PLEASE NOTE: THE DATE FOR THIS EVENT HAS CHANGED.
Crawford School of Public Policy

Event details

Public Lecture

Date & time

Wednesday 11 December 2013
5.30pm–6.30pm

Venue

Molonglo Theatre, Level 2, JG Crawford Building 132, Lennox Crossing, ANU

Speaker

Professor Deirdre McCloskey, Distinguished Professor of Economics, History, English and Communication, University of Illinois at Chicago.

Contacts

Yanhong Ouyang
6125 4387

The big economic story of our times is not the Great Recession. It is how China and India began to embrace neoliberal ideas of economics and attributed a sense of dignity and liberty to the bourgeoisie they had denied for so long. The result was an explosion in economic growth and proof that economic change depends less on foreign trade, investment, or material causes, and a whole lot more on ideas and what people believe.

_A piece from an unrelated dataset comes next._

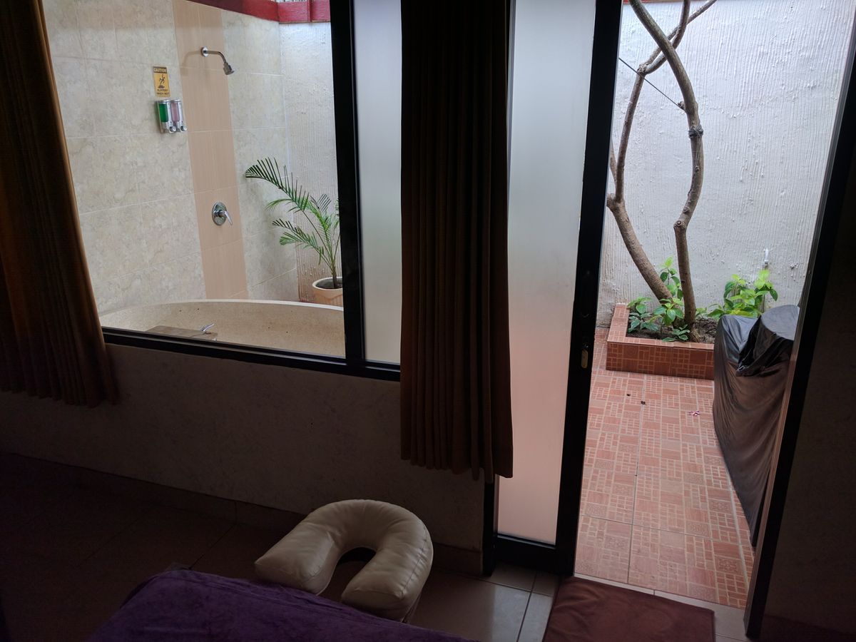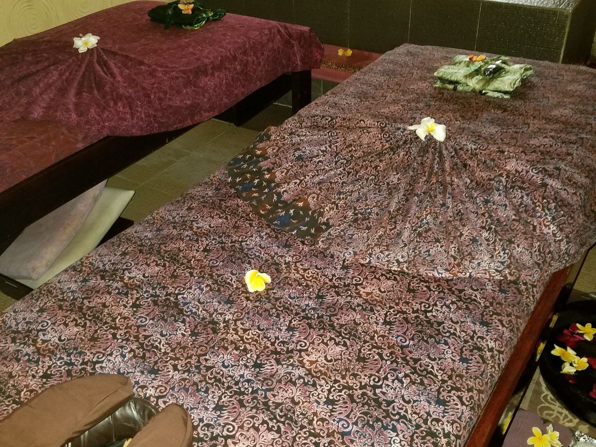 ツインの個室がいくつもあり、部屋内にトイレ、シャワー、バスタブがあり、鍵付きの引き出しに荷物を入れます。天井が高く、広いのでそれだけでゆったりした気分になり、マッサージもとても上手でした。フラワーバスも湯加減を聞いてくれるし、シャワーも熱いお湯が出ます。
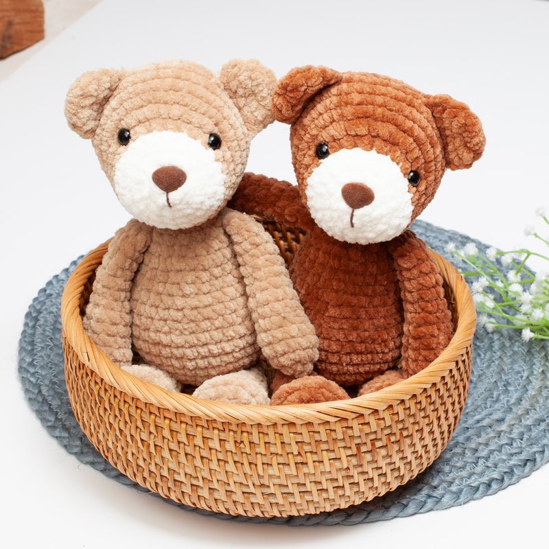 If you use the yarn and hook indicated, the bear will be about 28 cm (11 inches) tall standing and 19 cm (7.4 inches) tall sitting. You can make it bigger or smaller by using another type of yarn but please, adapt the crochet hook, eyes and nose accordingly.

In this talk Deirdre McCloskey, Distinguished Professor of Economics, History, English, and Communication at the University of Illinois at Chicago, will link culture, ethics and rhetoric with entrepreneurship and economic development.

Deirdre McCloskey is an economist, historian, and rhetorician who has written 16 books and around 400 scholarly pieces on topics ranging from technical economics and statistics to transgender advocacy and ethics. She is known as a ‘conservative’ economist, but says she is “a literary, quantitative, postmodern, free-market, progressive Episcopalian, Midwestern woman from Boston who was once a man. Not ‘conservative’! I’m a Christian libertarian.”

Her latest book, Bourgeois Dignity: Why Economics Can’t Explain the Modern World, argues that an ideological change, rather than saving or exploitation, is what made us rich.